Vous n’avez donc eu aucun tort, aucune négligence pour le mariage rompu ni pour les Finck… Quand nous aurons pris un parti, je vous le manderai, et vous verrez ce que vous pouvez et voulez faire. Je vous tends bien franchement la main ; la griffe s’éloigne, la douce patte ne se présente pas, elle sent l’hypocrite saint homme de chat. Adieu.

P. S. Hier madame S***, voyant le plaisir que m’avait fait votre lettre et celui que vous avait fait la mienne, dit : Il est des nœuds secrets. Certains fils, ajouta-t-elle, sont fins et deviennent imperceptibles, cependant ils ne rompent pas. On les retrouve dans l’occasion. Je lui dis que je vous régalerais de ce propos et de l’à-propos. Voici une lettre toute pliée et avec son adresse, que je rouvre deux fois le jour pour ajouter quelques mots en dedans, en dehors, entre les lignes, — partout… Vous croyez peut-être qu’après tant de bavardage j’ai tout dit. Oh ! non… Vous demandez si je porte ma belle robe noire. Non ; ma garde-robe se règle sur miss. Ses griffes vraiment acérées éraillent mes habits, et toute sa personne les salit un peu. Il faut s’arranger pour n’avoir jamais à repousser sa petite bête… Mon luxe personnel est tout entier dans mes mouchoirs de poche. J’en ai à vignettes, à petits trous, etc. J’en ai un brodé !

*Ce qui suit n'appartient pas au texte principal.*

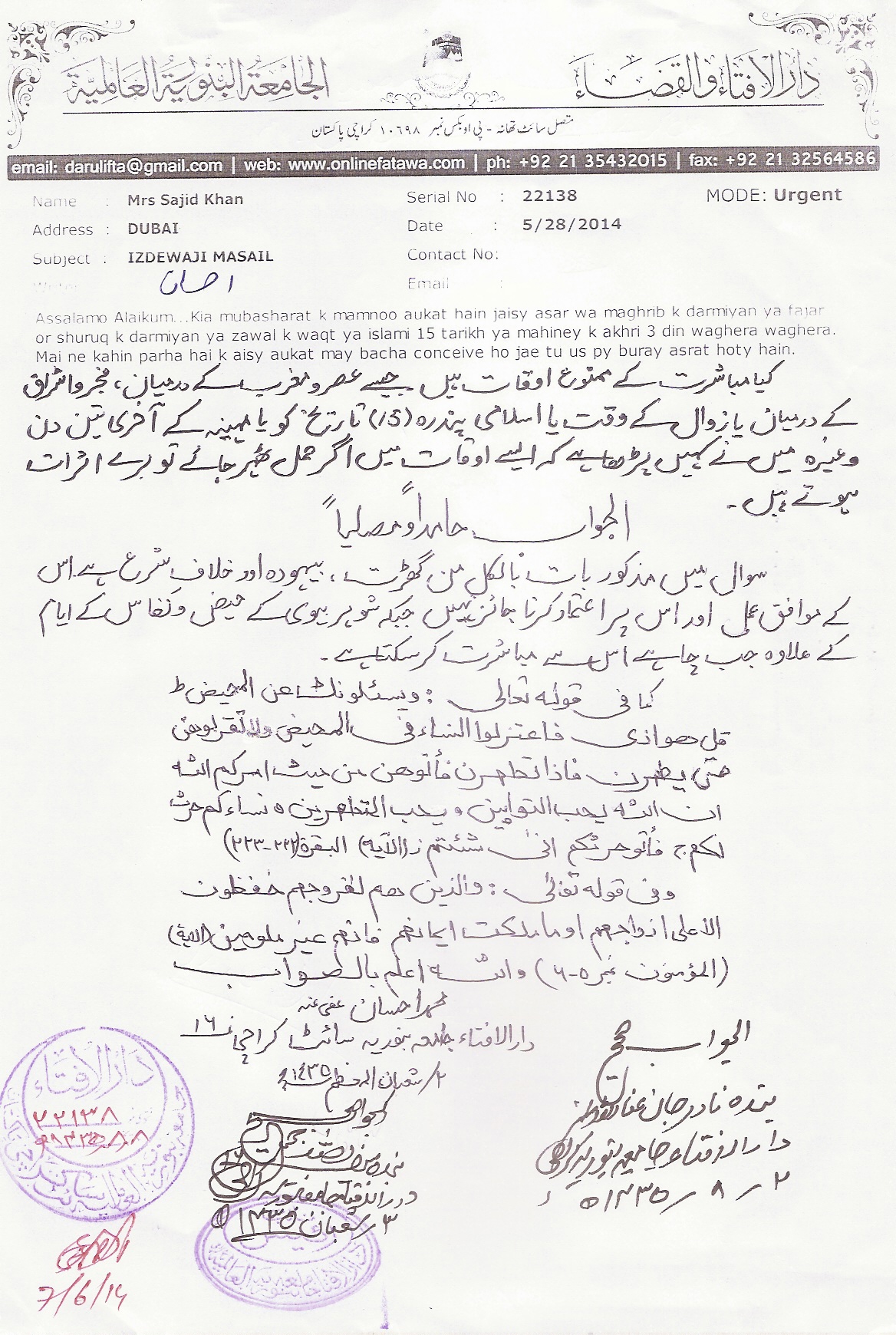مباشرت کے ممنوع اوقات کونسے ہیں ؟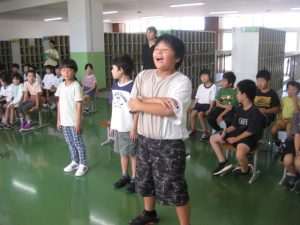今日は、初めて2年生全体で練習を行いました。大きな声でせりふを言って、身ぶり、手ぶりを使いながら役になりきって演じていました。

  1. Libraire neuchâtelois.
  2. L’ami de J.-J. Rousseau, celui avec lequel ce dernier retrouva un jour les pervenches. M. du Peyrou vivait à Neuchâtel, où l’un montre encore son hôtel.
  3. Espèce de jeu alors fort à la mode à Lausanne, à Neuchâtel.
  4. Opéra de madame de Charrière, qui en a composé et fait jouer plusieurs.
  5. Ouvrage de madame de Charrière.